▸ **YOUR GOAL**
Copy out the listing that follows exactly, dropping every picture.

▸ **EXERCISE DATA**
|---|

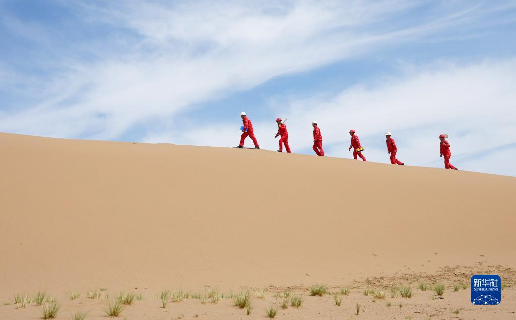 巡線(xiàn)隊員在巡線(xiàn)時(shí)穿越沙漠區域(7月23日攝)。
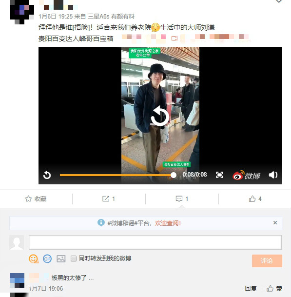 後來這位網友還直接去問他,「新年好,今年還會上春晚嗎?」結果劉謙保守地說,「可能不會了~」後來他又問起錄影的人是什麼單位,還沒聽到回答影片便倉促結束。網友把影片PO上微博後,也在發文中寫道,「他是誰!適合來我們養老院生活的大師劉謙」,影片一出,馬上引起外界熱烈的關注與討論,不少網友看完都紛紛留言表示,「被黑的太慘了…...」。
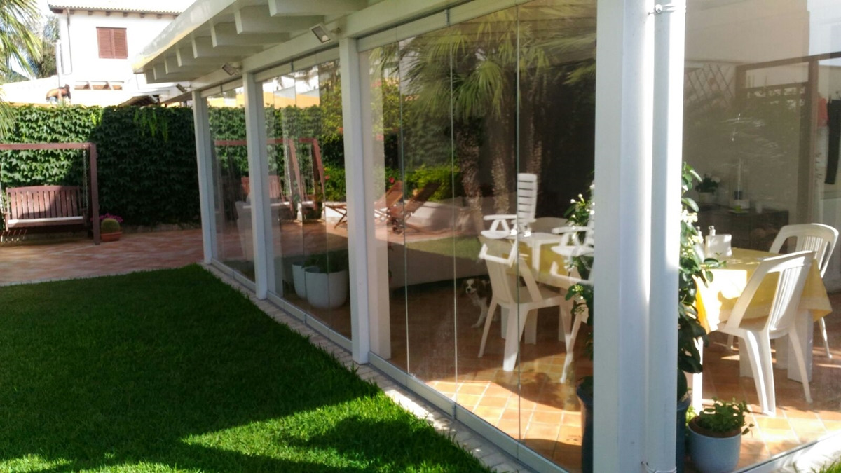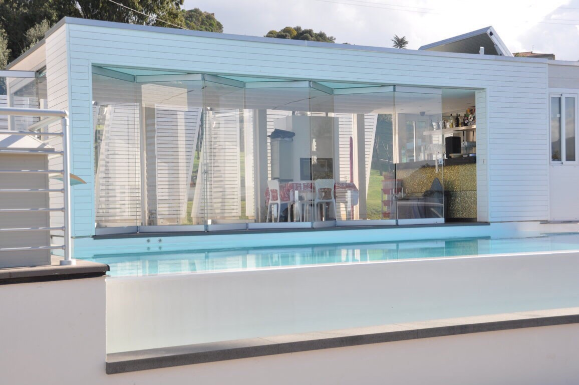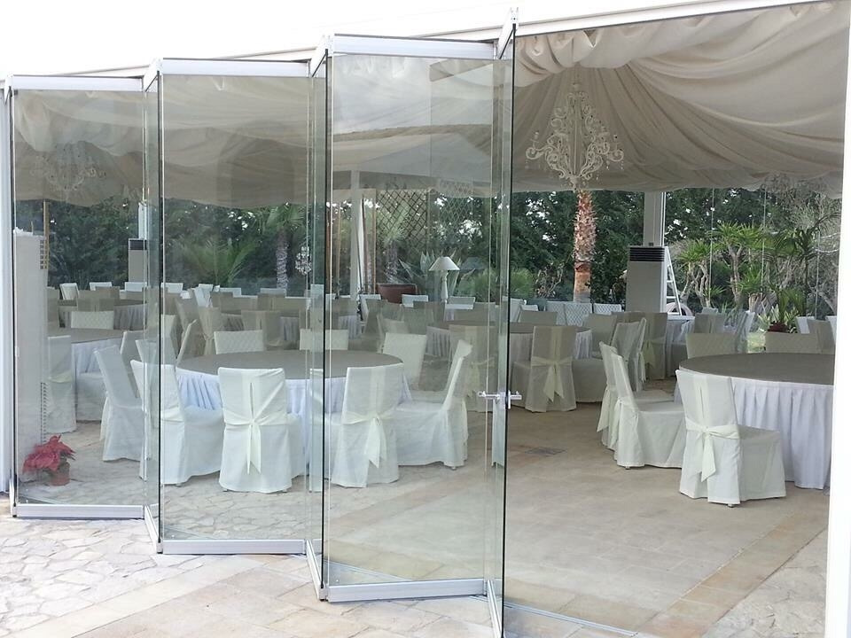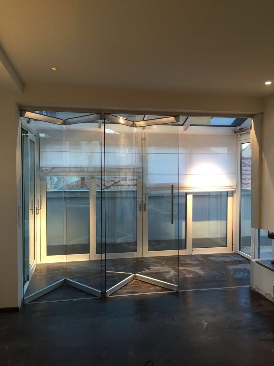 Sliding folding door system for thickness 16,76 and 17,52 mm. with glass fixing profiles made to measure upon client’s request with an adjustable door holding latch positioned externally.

|---|

▸ **RESPONSE BOX**
 巡線(xiàn)隊員在巡線(xiàn)時(shí)穿越沙漠區域(7月23日攝)。
 後來這位網友還直接去問他,「新年好,今年還會上春晚嗎?」結果劉謙保守地說,「可能不會了~」後來他又問起錄影的人是什麼單位,還沒聽到回答影片便倉促結束。網友把影片PO上微博後,也在發文中寫道,「他是誰!適合來我們養老院生活的大師劉謙」,影片一出,馬上引起外界熱烈的關注與討論,不少網友看完都紛紛留言表示,「被黑的太慘了…...」。
 Sliding folding door system for thickness 16,76 and 17,52 mm. with glass fixing profiles made to measure upon client’s request with an adjustable door holding latch positioned externally.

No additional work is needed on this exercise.